The background displays a village on a hill, representing the hobbit’s home—the ordinary world. The tree is often a symbol of darkness or the unknown, and this one bears fruit despite its twisted, gnarled branches that lack leaves. In the forefront, surrounding this tree are various small creatures. It feels as if they are each looking at you. This is the other world that Frodo journeys towards.

Panel 2: The Two Towers

The mountain takes the focal of this panel, a variety of sharp peaks in descending shades against the vibrant sky. Black creatures leap away, signifying the presence of evil, darkness, and/or the unknown. A spider lurks nearby, unnaturally large. Frodo has reached the initiation stage and faces trials. He gains allies, but must gather more, as he is still lacking in some way. The way to the towers is winding and guarded by a dark thick forest; creatures are dying in the water around it. This is where our hero must head.

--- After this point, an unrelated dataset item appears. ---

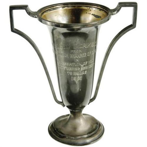 <B>1931 Babe Didrikson Presentational Loving Cup.</B></I> Just twenty years old when this trophy was presented to her, the future US Women's Open Champion and Olympic Gold Medalist was likely being thanked for her service as a ringer of sorts for the Employers Casualty Insurance Co. of Dallas basketball team, which earned the Amateur Athletic Union Championship this year with Babe at the helm. Also possible, though less likely, is that the prize bore some connection to her victory in the 1931 State Fair of Texas sewing competition. Regardless of the facts of the case, this marvelous silver cup stands as the earliest trophy we've ever encountered from the remarkable life of the century's greatest female athlete. Our consignor relates that it was purchased from the family of a caretaker at the Woodlands Country Club near Houston, Texas, which once housed the Texas Golf Hall of Fame. When the small museum folded, the caretaker was instructed to dispose of its contents, and wisely chose to salvage at least a portion for himself. The engraved text upon this simple nine-inch tall trophy reads, "To Mildred Didrikson from Dallas Junior Chamber of Commerce in Appreciation of Your Outstanding Service to Dallas, 1931." Only an expected degree of tarnishing and some mild surface wear is to be noted in terms of condition issues. A special, early artifact from this storied twentieth century athletic icon.<BR><BR><b>Shipping:</b> Miscellaneous Collectibles, Smal (<a target="_blank" href="http://www.heritageauctions.com/common/shipping.php">view shipping information</a>)

Panel 3: The Return of the King

The center of it all, and the focal, is the erupting volcanic mountain.  It is surrounded by dark foreboding mountains, a cloud of ash, and an angry, dirty, red sky. This must be the place of Frodo’s supreme ordeal and return.


            Barbara Remington was an American illustrator best known for this piece, as well as A Map of Middle-Earth, which can be viewed at Tolkien Guide. A self-proclaimed ring-nut, the artwork for the LOTR’s covers was completed prior to reading them—something she regretted (Connecting with History). The reason for the rushed artwork was due to a need by Ballantine’s books to release things quickly.  Tolkien had been reluctant to give permission for publication in the United States, but Ace Books had released an unauthorized copy of The Fellowship of the Ring. After its popularity, Tolkien granted permission to Ballantine Books, who broke all the unwritten rules to push publication of all three books at once. As a result, some of the details in the cover are inaccurate, such as the lions (which were painted over in later releases), and the fruit tree.

            The artwork used on the covers became iconic for book covers of the 1960s, inspiring similar book covers, such as the parody Bored of the Rings. It ushered in a new stage for mass market paperbacks, and its success is directly linked to the launch of the Ballantine Adult Fantasy Line (Brown). The imagery became linked with the authorized version, and the poster could be found everywhere.

Time Period Artwork

            During the time of designing, Barbara lived in New York, a frequent visitor of the East Village, “a haven for starving artists, musicians, poets and philosophers of that time” (Remington, Connecting with History). She was friends with counter-culture icons such as Timothy Leary (psychedelic philosopher), Allen Ginsberg (beat poet), and Ira Cohen (poet and filmmaker). The 1960s saw major changes in art design primarily as a result of counter-culture influences and the psychedelic movement of the mid-1960s.

“The visual motifs of psychedelic art include Art Nouveau-inspired curvilinear shapes, illegible hand drawn type, and intense optical color vibration inspired by the pop art movement” (Psychedelic 60s).

The most obvious outcome of this move in art was on album covers and festival posters. These frequently featured “a strong color palette—usually of contrasting colors—along with ornate lettering and kaleidoscopic swirls” (arthistory). It often contained spirals, concentric circles, and surrealist subjects.


Although The Hobbit and the LOTR series are written in an overall tone and mannerism for children, Tolkien has stated that they were written for adults (J.R.R. Tolkien Dead). The series launched the fantasy genre, paving the way for other classics, such as The Last Unicorn, which also features psychedelic artwork. Ballentine Books would have marketed with the goal of reaching both (older) children and adults, particularly those who read content such as “Amazing Stories,” the first science fiction magazine.

The imagery of the “Wilderness Poster” and of the LOTR covers had a large deal of influence on the future designs of fantasy covers, including the cover of the parody Bored of the Rings. While it wasn’t able to hit every goal of its illustrator and did not incorporate the full message of the books, it proved to be effective, both from a marketing and art standpoint. Found hanging on walls and sitting on shelves across America, this piece influenced its audience.